Recorded information –
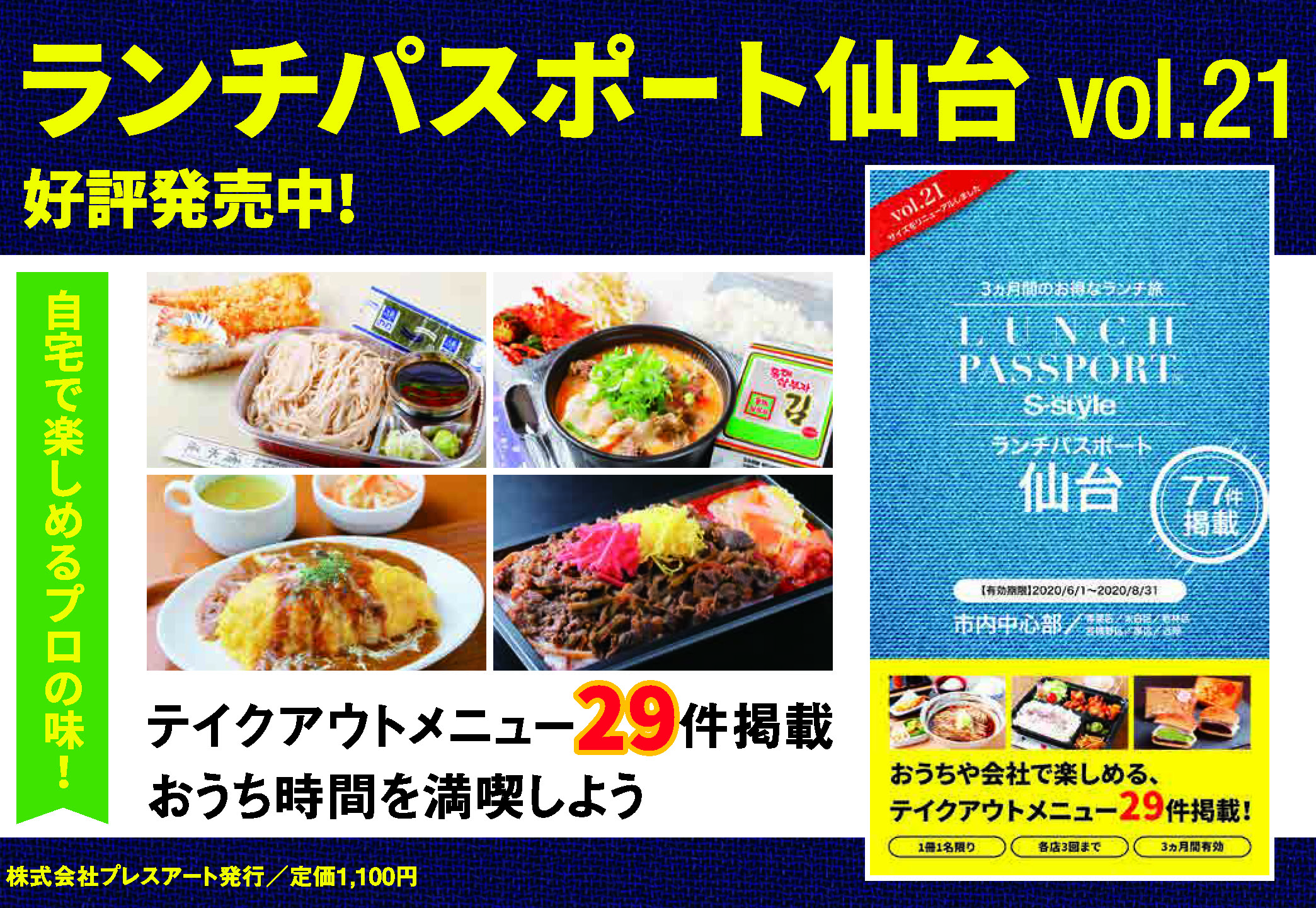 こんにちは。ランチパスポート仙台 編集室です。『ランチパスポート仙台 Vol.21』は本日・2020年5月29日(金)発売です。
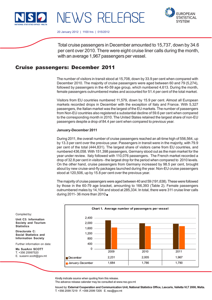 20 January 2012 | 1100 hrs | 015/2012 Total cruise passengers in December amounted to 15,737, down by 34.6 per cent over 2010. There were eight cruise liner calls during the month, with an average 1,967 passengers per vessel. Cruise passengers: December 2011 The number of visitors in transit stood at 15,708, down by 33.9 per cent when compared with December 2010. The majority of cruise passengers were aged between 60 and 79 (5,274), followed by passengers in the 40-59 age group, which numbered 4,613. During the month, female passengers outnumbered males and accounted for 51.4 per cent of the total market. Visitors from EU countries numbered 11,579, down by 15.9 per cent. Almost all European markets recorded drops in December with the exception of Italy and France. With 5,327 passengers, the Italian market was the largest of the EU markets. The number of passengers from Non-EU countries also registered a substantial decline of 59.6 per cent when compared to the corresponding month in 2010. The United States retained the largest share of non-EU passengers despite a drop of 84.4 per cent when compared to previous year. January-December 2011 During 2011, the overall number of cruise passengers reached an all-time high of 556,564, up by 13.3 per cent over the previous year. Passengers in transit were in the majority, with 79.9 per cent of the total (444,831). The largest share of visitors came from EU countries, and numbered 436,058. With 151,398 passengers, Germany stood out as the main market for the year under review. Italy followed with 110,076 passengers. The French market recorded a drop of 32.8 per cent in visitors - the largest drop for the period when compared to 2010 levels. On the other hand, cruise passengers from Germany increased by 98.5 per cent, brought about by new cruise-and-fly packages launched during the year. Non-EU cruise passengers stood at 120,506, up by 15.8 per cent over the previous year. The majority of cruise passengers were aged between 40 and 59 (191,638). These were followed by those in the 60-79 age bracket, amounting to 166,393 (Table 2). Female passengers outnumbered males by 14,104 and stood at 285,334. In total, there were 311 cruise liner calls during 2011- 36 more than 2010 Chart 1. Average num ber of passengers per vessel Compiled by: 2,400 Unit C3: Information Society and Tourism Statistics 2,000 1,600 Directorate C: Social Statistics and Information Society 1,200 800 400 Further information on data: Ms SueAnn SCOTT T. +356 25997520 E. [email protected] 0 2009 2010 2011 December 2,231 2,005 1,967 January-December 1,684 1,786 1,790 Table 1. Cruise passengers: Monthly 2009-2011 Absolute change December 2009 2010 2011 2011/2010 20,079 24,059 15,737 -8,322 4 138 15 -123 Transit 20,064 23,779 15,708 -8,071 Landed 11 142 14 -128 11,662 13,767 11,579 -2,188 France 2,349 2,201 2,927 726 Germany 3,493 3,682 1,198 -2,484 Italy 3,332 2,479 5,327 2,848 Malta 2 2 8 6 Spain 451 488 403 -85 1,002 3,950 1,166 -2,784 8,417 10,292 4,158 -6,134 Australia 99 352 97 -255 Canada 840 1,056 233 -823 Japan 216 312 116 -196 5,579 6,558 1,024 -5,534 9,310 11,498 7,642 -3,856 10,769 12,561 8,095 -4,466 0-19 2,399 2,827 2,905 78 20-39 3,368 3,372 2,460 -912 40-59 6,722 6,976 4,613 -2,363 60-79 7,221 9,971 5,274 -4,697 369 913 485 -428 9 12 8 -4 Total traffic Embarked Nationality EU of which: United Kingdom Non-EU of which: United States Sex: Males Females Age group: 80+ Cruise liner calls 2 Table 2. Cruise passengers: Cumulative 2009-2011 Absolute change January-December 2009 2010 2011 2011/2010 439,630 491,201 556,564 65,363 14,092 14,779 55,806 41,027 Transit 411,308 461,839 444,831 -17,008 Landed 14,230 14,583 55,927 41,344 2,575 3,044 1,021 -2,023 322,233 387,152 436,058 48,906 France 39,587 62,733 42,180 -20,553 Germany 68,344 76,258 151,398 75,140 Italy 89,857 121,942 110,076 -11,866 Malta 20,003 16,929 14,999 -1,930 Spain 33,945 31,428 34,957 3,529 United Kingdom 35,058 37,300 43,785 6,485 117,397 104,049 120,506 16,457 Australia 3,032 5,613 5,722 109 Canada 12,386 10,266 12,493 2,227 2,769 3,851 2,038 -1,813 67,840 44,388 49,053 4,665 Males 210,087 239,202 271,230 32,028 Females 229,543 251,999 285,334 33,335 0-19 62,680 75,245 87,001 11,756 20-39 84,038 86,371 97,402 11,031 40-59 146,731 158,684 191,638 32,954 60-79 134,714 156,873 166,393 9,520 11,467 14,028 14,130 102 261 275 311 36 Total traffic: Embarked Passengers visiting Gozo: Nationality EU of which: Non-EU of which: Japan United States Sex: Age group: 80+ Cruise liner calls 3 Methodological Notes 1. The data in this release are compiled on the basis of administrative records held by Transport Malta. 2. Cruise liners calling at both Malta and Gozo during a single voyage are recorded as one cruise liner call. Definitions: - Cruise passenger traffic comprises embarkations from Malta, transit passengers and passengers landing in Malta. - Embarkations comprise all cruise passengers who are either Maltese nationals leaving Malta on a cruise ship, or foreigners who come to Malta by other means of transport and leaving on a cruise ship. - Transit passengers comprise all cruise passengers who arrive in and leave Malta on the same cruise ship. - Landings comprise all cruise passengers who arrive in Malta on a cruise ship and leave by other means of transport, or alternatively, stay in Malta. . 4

==

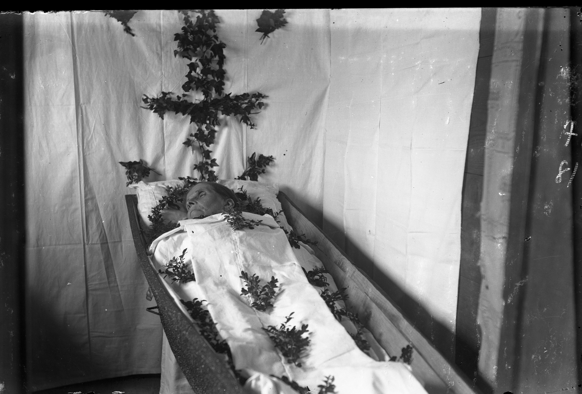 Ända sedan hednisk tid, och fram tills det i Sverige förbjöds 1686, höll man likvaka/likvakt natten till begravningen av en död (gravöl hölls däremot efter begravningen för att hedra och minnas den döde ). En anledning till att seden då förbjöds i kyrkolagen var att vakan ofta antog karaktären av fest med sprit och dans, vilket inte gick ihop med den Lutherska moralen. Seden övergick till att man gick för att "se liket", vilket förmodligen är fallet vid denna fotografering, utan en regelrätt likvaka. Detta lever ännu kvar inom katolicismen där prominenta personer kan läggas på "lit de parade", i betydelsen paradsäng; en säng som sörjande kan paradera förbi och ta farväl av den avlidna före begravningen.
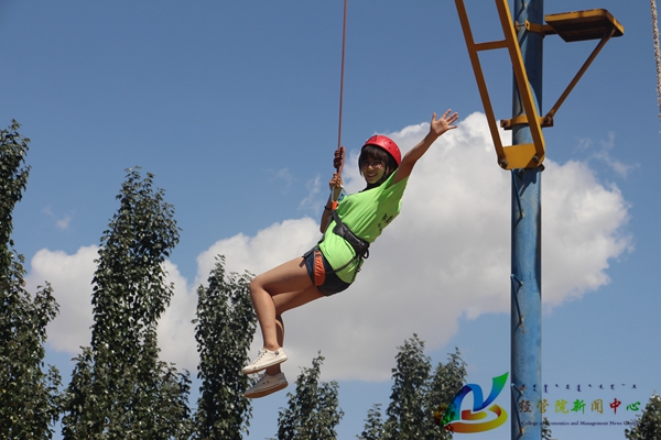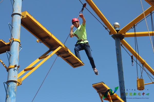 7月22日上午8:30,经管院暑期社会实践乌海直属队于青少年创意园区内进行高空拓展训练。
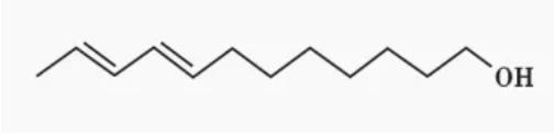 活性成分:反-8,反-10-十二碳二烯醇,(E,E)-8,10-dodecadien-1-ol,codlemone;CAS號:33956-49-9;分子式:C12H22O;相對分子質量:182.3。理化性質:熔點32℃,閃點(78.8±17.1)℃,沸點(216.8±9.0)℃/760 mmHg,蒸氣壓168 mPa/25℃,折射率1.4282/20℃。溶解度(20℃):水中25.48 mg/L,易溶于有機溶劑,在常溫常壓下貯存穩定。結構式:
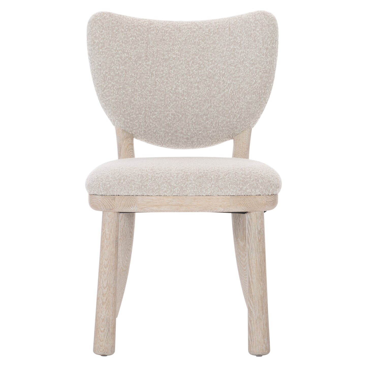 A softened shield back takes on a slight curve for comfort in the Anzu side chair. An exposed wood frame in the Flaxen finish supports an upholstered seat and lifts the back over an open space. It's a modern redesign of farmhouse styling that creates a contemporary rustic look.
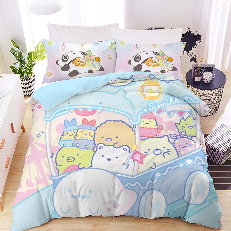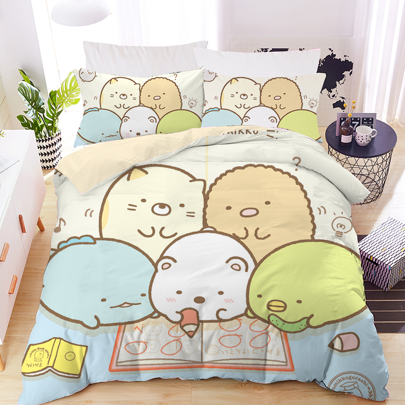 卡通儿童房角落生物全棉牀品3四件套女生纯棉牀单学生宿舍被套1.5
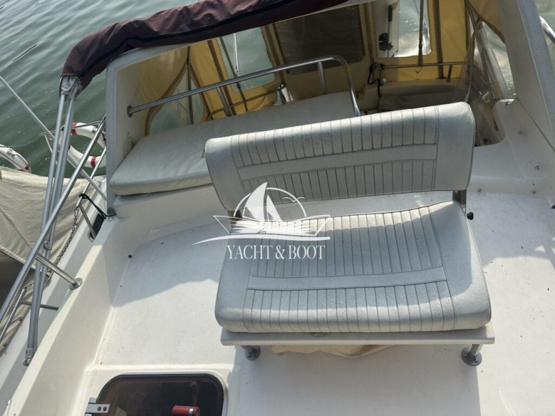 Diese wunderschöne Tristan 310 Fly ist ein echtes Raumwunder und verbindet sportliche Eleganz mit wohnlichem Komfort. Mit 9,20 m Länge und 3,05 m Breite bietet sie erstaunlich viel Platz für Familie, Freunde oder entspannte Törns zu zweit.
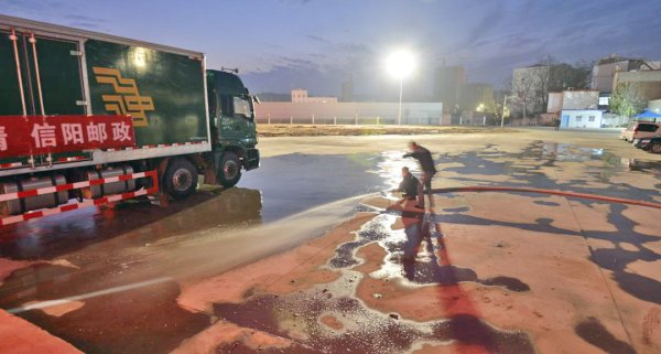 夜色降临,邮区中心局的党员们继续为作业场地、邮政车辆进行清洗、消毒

---

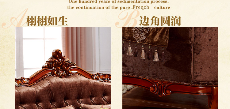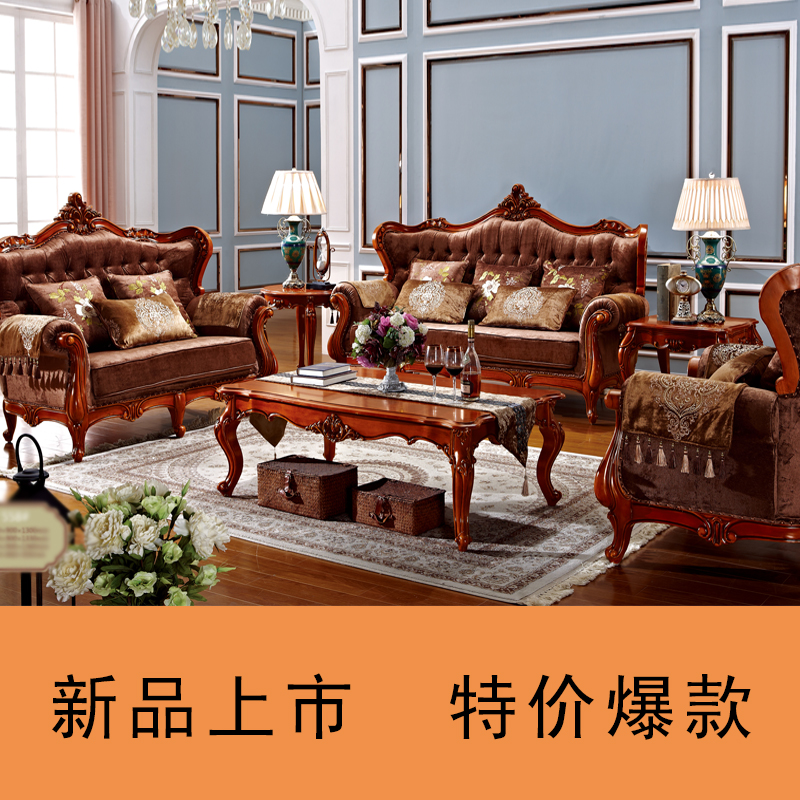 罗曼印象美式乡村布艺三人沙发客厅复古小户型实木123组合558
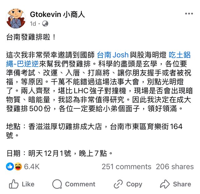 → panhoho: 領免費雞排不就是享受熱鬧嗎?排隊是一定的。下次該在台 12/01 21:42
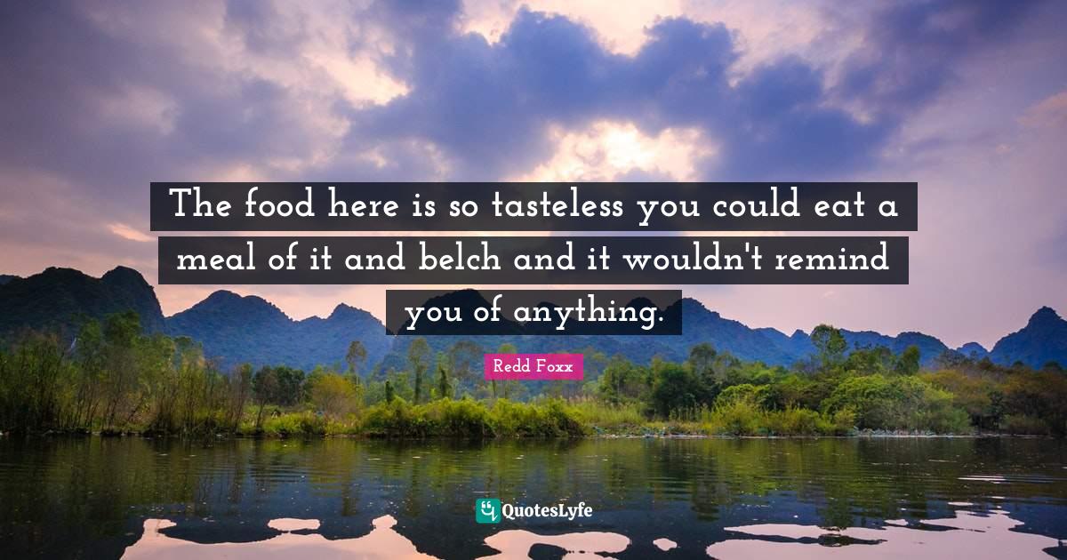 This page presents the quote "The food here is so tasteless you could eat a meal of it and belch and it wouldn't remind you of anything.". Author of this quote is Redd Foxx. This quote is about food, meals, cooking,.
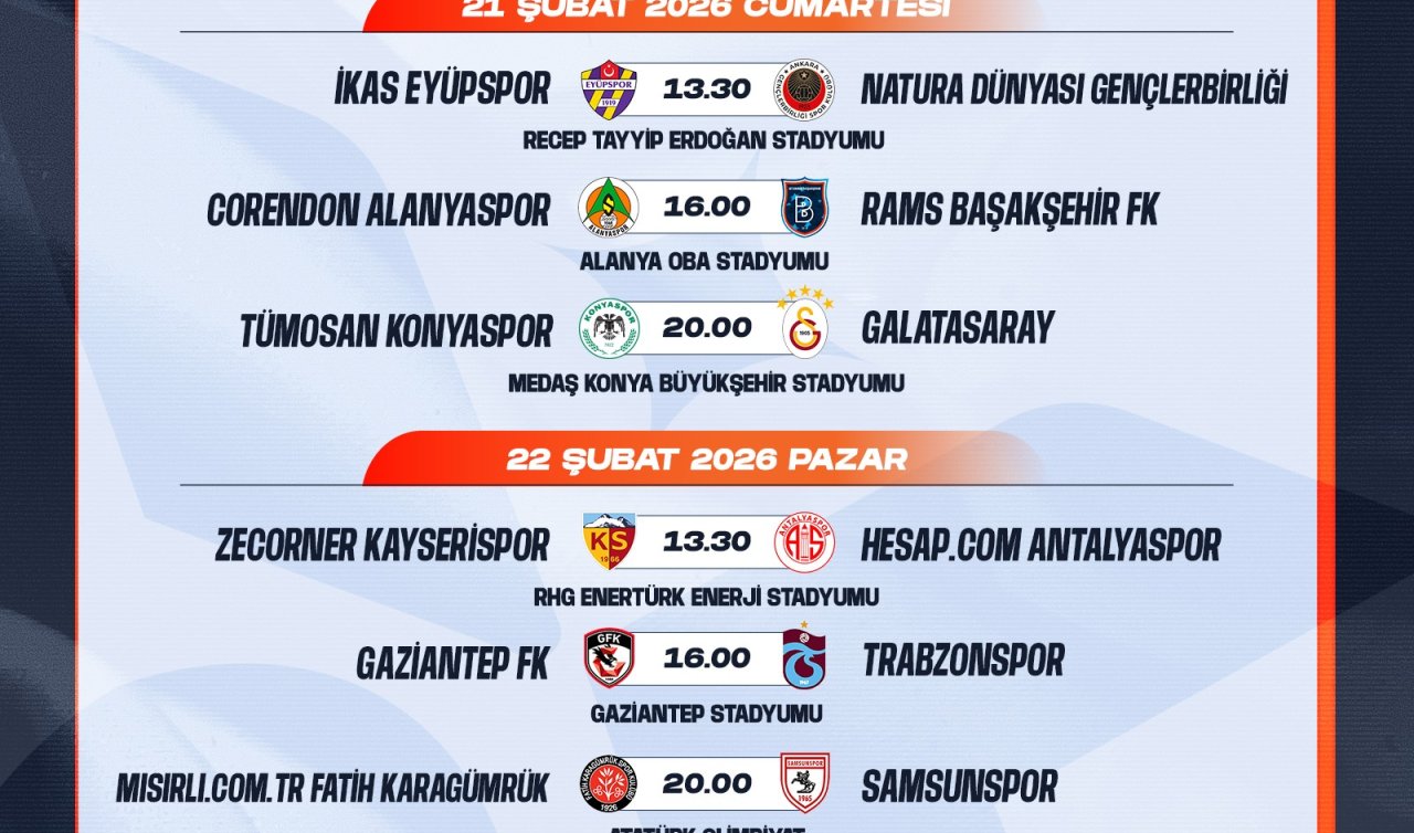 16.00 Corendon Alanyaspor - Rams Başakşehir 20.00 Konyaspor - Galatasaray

What the task requires – Every line above from the one with "Diese wunderschöne Tristan" down to the one with "夜色降临,邮区中心局的党员们继续为作业场地、邮政车辆进行清洗、消毒" must be written out exactly, and no picture may appear.

Answer to this task –
 Diese wunderschöne Tristan 310 Fly ist ein echtes Raumwunder und verbindet sportliche Eleganz mit wohnlichem Komfort. Mit 9,20 m Länge und 3,05 m Breite bietet sie erstaunlich viel Platz für Familie, Freunde oder entspannte Törns zu zweit.
 夜色降临,邮区中心局的党员们继续为作业场地、邮政车辆进行清洗、消毒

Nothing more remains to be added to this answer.